Team rocket 2. Team rocket in The second generation weren’t as good, although cutting off slowpoke tails for profit gives them some points. They had no problem kidnapping the radio tower director and impersonating him, and they sent radio waves out to make Pokemon evolve earlier, and most likely causing them pain. But their goals seemed to mostly rotate around finding Giovanni. 
Why? See, that other guy was doing a great job with running team rocket, why didn’t he keep it up? He could have just kept up being the evil leader and no one would have questioned him. Having the base under that shop wasn’t wise though. If you’re going to force Pokemon to evolve early in one specific area, don’t have your main base that close to it. Not to mention that they announced that they were in the radio tower. Not the brightest move. This team rocket didn’t bother with legendary Pokemon either.

There’s my stupidly long analysis of the evil teams, thanks for reading. (And the best team is really the one in ranger two, but I’m not going into spin offs.)  

 earl brainwashed Cyrus


----------



## VelvetEspeon (Feb 17, 2009)

I'm a Team Rocket fan, but mainly because of Jessie, James, and Meowth.


----------



## Ether's Bane (Feb 23, 2009)

Silph Co. was HAAAAAAARD.

That is all.


----------



## Dragonclaw (Feb 25, 2009)

I prefer Team Galactic personally. But Rocket had better designs.


----------



## Autumn (Feb 25, 2009)

<3 Rockets

However, the problem I have with them is that, even if they were attempting to dominate the world, it never really... _looked_ like it. I mean, they took over Silph for... what? I don't think the true reason why was ever detailed. G/S/C Rockets remind me vaguely of the Dim Suns: both teams were trying to control Pokémon, and... for what? It's for that reason that Magma/Aqua/Galactic appeal to me some - they actually had true goals. Magma and Aqua's could hardly be considered evil, but in Emerald it brings on chaos and almost-destruction. Galactic almost managed to _actually_ dominate the world.

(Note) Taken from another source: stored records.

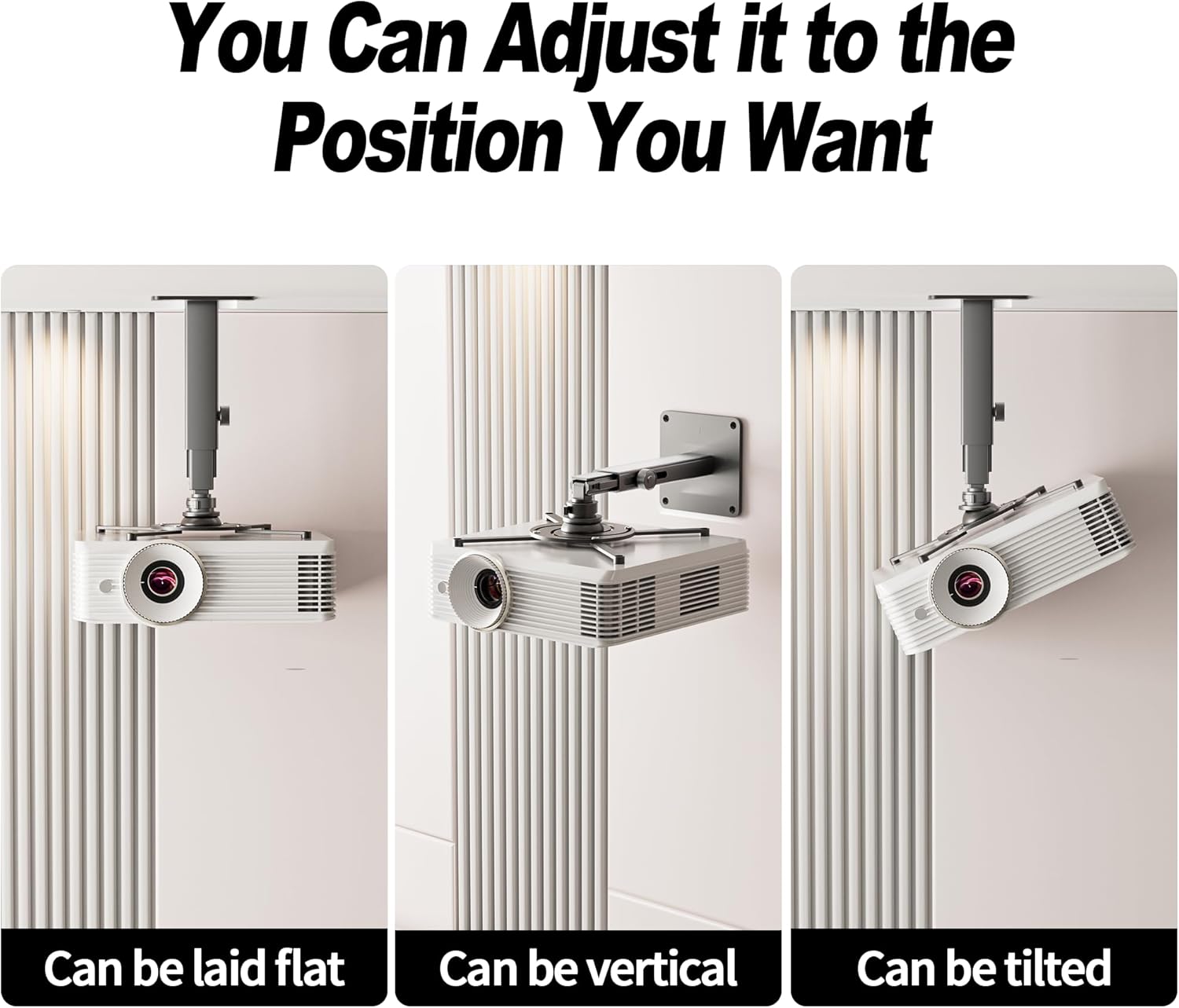 - 【Exclusive patent】Perfectisan independently developed and designed a patented quick locking device, a unique "anti-slip" adjustment system that will not shift after letting go, accurately adjust the projection position, easily fix the angle you want and lock it in any position! The angle of the projection bracket is adjustable, 90° tilt, 360° rotation, and 25° pitch at any angle, making it easy to use.
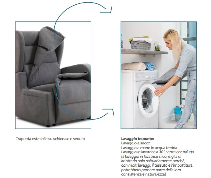 La nuova poltrona relax ti permettono di togliere in un attimo la trapunta di schienale e seduta, pulirla o addirittura lavarla, e rimetterla con estrema facilità.
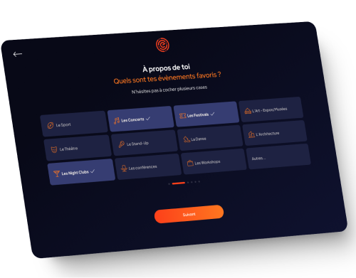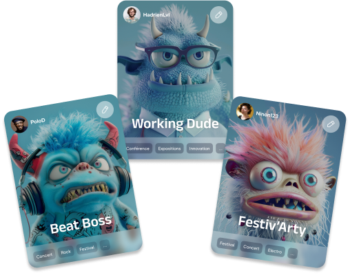 Après avoir rempli le formulaire, découvrez votre profil type. Généré sur-mesure selon vos préférences d’évènements, votre profil est modifiable et modulable à tout moment pour profiter d’une expérience utilisateur enrichie et inoubliable !
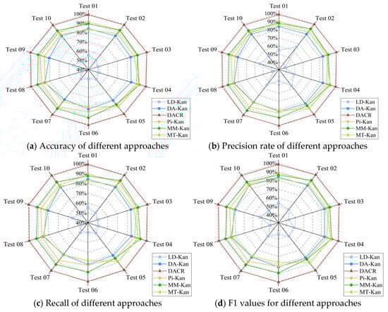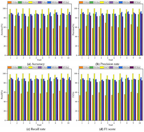 Figure 11 illustrates the results of the four evaluation indicators of the different approaches over the ten trials, with the DACR approach performing the best in each test. The average and standard deviation of the evaluation indicators are summarized in Table 8. The mean accuracy rate of DACR is 99.37%, which is 47.62%, 16.32%, 10.05%, 8.31%, and 13.41% higher compared to LD-Kan, DA-Kan, Pi-Kan, MM-Kan, and MT-Kan, respectively. DACR equally outperforms the other five approaches with respect to precision, recall, and F1 scores. Notably, the approach has the lowest fluctuation in average accuracy at 0.01%. These data indicate that the DACR approach is not only capable of delivering superior performance but also excels in consistency and stability.
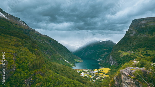 Geirangerfjord, Norway. Geiranger In Geirangerfjorden In Sunny Summer Day. Famous Norwegian Landmark And Popular Destination. 4K

Of course, my favorite game villains would have to be 



Spoiler: MD2



Dusknoir and Darkrai from MD2. I mean seriously. Darkrai tried to make the world into a place of darkness and just generally a living hell. He managed to _stop time_ and _trap Azurill in a living hell nightmare_. That's some villainy, if you ask me.


----------



## Yarnchu (Feb 25, 2009)

Team Rocket took over Silph Co. to get the plans for the Master Ball, from what I understand. That would allow them to capture any Pokemon. And while your not supposed to be able to capture Trainer's pokemon, I doubt that would stop them from doing so anyway. They weren't trying to waken legendary pokemon, but they were trying to capture powerful pokemon to acheive their goals. They also got pretty close to dominating the world. They ran much of Kanto and Johto from behind the scenes, while all Magma and Aqua did was cause freak weather. Team Galactic either almost destroyed the world or almost gained control of the Torn World, depending on the game you are playing, so that really isn't taking over the world...


----------



## Autumn (Feb 25, 2009)

superyoshi888 said:


> Team Rocket took over Silph Co. to get the plans for the Master Ball, from what I understand. That would allow them to capture any Pokemon. And while your not supposed to be able to capture Trainer's pokemon, I doubt that would stop them from doing so anyway. They weren't trying to waken legendary pokemon, but they were trying to capture powerful pokemon to acheive their goals. They also got pretty close to dominating the world. They ran much of Kanto and Johto from behind the scenes, while all Magma and Aqua did was cause freak weather. Team Galactic either almost destroyed the world or almost gained control of the Torn World, depending on the game you are playing, so that really isn't taking over the world...


Ah. Well that explains the Silph takeover. I stand corrected.

Eh, Cyrus wanted to create a world with him as ultimate ruler, so I figure that's pretty much like taking over the world. :/

Ahaha the catch trainers' Pokémon thing you have _no idea_ the things I think about that :P


----------



## _Shaymin (Feb 26, 2009)

Best team. EVER.
They don't go around acting stupid like Team Galactic calling you a 'noob' (which was funny but still childish for an adult to say that xD)

And they were pretty funny. In their own trying-to-be-evil way.

BRING BACK TEAM ROCKET.

_Shaaaaymin


----------



## Alexi (Mar 1, 2009)

TR is the best team out of the main series of games. They have a whole mob shindig going on. Couple that with one of the sexiest men ever - Giovanni - and TR is just awesome in every sense of the word. <333


----------



## Rossymore (Mar 2, 2009)

I wouldn't be surprised if Giovanni's closest friends (if he has any) called him 'Don Giovanni'

Hey, it fits.


----------



## Flora (Mar 2, 2009)

^ Don Whitehorse :D

I kinda like TR.  "Kinda" because I beat Gold & LeafGreen forever ago. XP  (Cipher/Snagem still wins though)


----------



## Evolutionary (Mar 3, 2009)

Leafpool said:


> Of course, my favorite game villains would have to be
> 
> 
> 
> ...


Agreed, PMD2's villains are awesome~

But Team Rocket is my favorite Main Series team.


----------



## Elliekat (Mar 11, 2009)

I like Jessie and James and Meowth.

Silph Co. = The reason why I'm never playing Kanto again.

But my favorite is the Go-Rock Squad. Especially the Quad. (From Ranger 1.)

"Pokemon a go-go!
Whoever you are, stop in your tracks!
Open your ears to our musical attacks!
The rhythm of rage pounds the ground!"
....Aaaand something I forget. But it's still awesome.


----------